Parecer 273/2015-J: Internações compulsórias
Parecer 273/2015-J
Processo 2015/33911
INTERNAÇÕES COMPULSÓRIAS - Há necessidade de criação de guia de internação com a comunicação à Secretaria Estadual da Saúde nas hipóteses de internação autorizada ou determinada pelo juízo do “paciente judiciário”, denominação utilizada pelo Conselho Nacional de Justiça. Parecer pela edição de provimento, na forma da minuta anexa.
Excelentíssimo Senhor Corregedor Geral da Justiça,
Trata-se de reclamação formulada pelo magistrado de Embu-Guaçu a respeito de indevida invasão na independência funcional em razão de ofício expedido pela Defensoria Pública, questionando-lhe a internação de um adolescente (fls. 02/14).
A Seção do Controle Judiciário de 1º Grau informou que, em fevereiro do presente, o total de internações relacionadas à saúde mental foi de 908, sendo que 396 desse total se referiam às internações de idosos (fls. 17).

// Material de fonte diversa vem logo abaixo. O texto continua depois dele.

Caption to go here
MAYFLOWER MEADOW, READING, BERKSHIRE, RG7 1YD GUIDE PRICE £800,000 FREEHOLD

Após contato deste subscritor, a Secretaria Estadual de Saúde Pública indicou endereço eletrônico para o envio de eventuais guias de internação (fls. 24).
Foram realizadas reuniões com os escrivães judiciais das Varas Centrais de Família e Infância e Juventude, bem como com todas as integrantes do Gabinete da Secretaria Estadual da Saúde.
É o relatório.
OPINO.
Salvo opinião diversa de Vossa Excelência, há necessidade de estabelecer uma guia de internação nos feitos em que houver determinação ou autorização para internação, seja em instituições de saúde mental, seja de longa permanência.
As internações, em relação à saúde mental, são reguladas pela Lei da Reforma Manicomial (Lei nº 10.216/2001). Esse diploma legal estabelece três espécies de internação:
Art. 6º A internação psiquiátrica somente será realizada mediante laudo médico circunstanciado que caracterize os seus motivos.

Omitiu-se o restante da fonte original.